Some activists acknowledge missteps that undercut their pro-climate spending during the past two years.

“My sense is we did fail,” said Kevin Knobloch, president of the Union of Concerned Scientists. “I think there’s no sugarcoating it.”

At the beginning of 2009, everything seemed lined up: a Democratic president with large majorities in Congress, leaders committed to bringing a bill to the floor and seemingly no shortage of money and staff.

But after the House passed cap-and-trade legislation last summer, the subsequent anti-Obama, anti-Big Government protests – led by the tea party movement and several industry-funded groups – caught the environmentalists off-guard by attacking “yes” votes in the House.

Opponents led an effective bumper-sticker-style campaign denouncing the Democrats’ “national energy tax.” The environmentalists’ response was
too wordy, too complicated and too late.

“We tapped out a lot of donors getting to that point,” said one
official from a major group. “We didn’t have a bigger war chest waiting to support their vote.”

“We really got our ass kicked in August during the town halls,” EDF
spokesman Tony Kreindler said.

The response to the tea party attacks was to create Clean Energy Works, a coalition staffed by environmental, labor, national security and religious interest groups that numbered about 45 people at its peak.

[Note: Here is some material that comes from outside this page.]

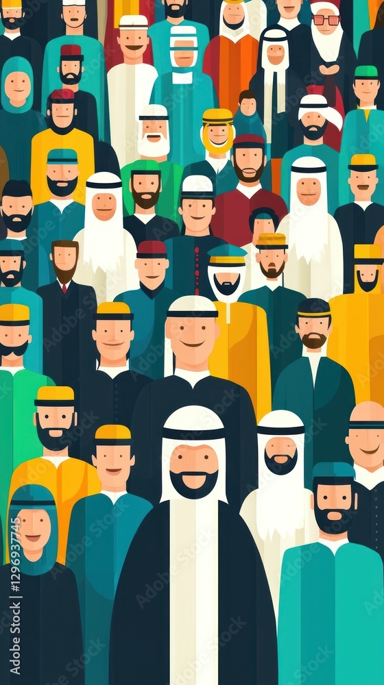 Diverse crowd in traditional Middle Eastern attire Wallpaper

Paul Tewes, Obama’s 2008 Iowa field chief, led the campaign.

“Anywhere there was a senator who was not squarely on the side of passing a climate bill, we were there,” said David Di Martino, a Clean Energy Works spokesman.

Once they began talking to senators, however, activists said, they got their wires crossed with Reid’s office over who was in charge of counting votes.

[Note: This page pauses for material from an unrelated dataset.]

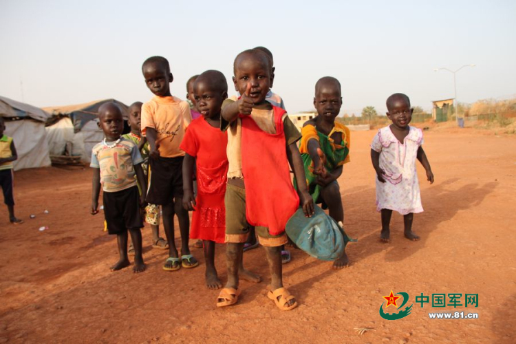 小朋友们向维和医疗队队员们竖起了大拇指。

“We were stuck in a Catch-22,” Kreindler said. “There was an
expectation by the environmental community to deliver a certain amount of votes. There was an expectation in the environmental community that leadership would deliver a certain amount of votes. But there never was a clear understanding of how those two efforts would work together.”

Reid’s office would not comment for this story but pointed to past
statements from the majority leader that Sens. John Kerry (D-Mass.) and Joe Lieberman (I-Conn.) were tasked with collecting 60 votes on the carbon cap measure. A White House spokesman declined comment on its climate bill whip operations.

Senate Majority Whip Dick Durbin (D-Ill.) defended the greens’ efforts. “This became a very hot political issue,” he said. “They’re trying hard to help us. And we’re working with them. We’re going to have our day. I wish we’d have it sooner, rather than later. But we’re going to have our day.”

Durbin insisted that environmental groups also still garner plenty of
sway in the Senate. “A lot of us pay attention,” he said.

But there’s a difference between paying attention and action.

GOP senators targeted as possible swing votes said the
environmentalists offered little incentive for them to change their
minds during an economic recession and with little threat of political payback if they didn’t go along.

“They don’t have much infrastructure on the Republican side,” said Sen. Lindsey Graham (R-S.C.). “So when you hear the environmental community
is mad at you, everyone says, ‘Tell me something new.’ It’s not like a
support group you’ve lost.”

The environmental movement needs a radical overhaul if Congress is ever going to pass a climate bill, McKibben said. That means lawmakers need
to be aware of the political consequences if they don’t side with the greens.

“We weren’t able to credibly promise political reward or punishment,” McKibben said. “The fact is, scientists have been saying for the past few years the world might come to an end. But clearly that’s insufficient motivation. Clearly, we must communicate that their careers might come to an end. That’s going to take a few years.”

Sen. Bob Corker (R-Tenn.), whom environmentalists once considered as a possible vote on climate, never got the message. “I hate to tell you, I just don’t wake up thinking about it,” said Corker, who questions the complexity of cap-and-trade systems. “I’m aware and all that. But I think it’s the wrong message.”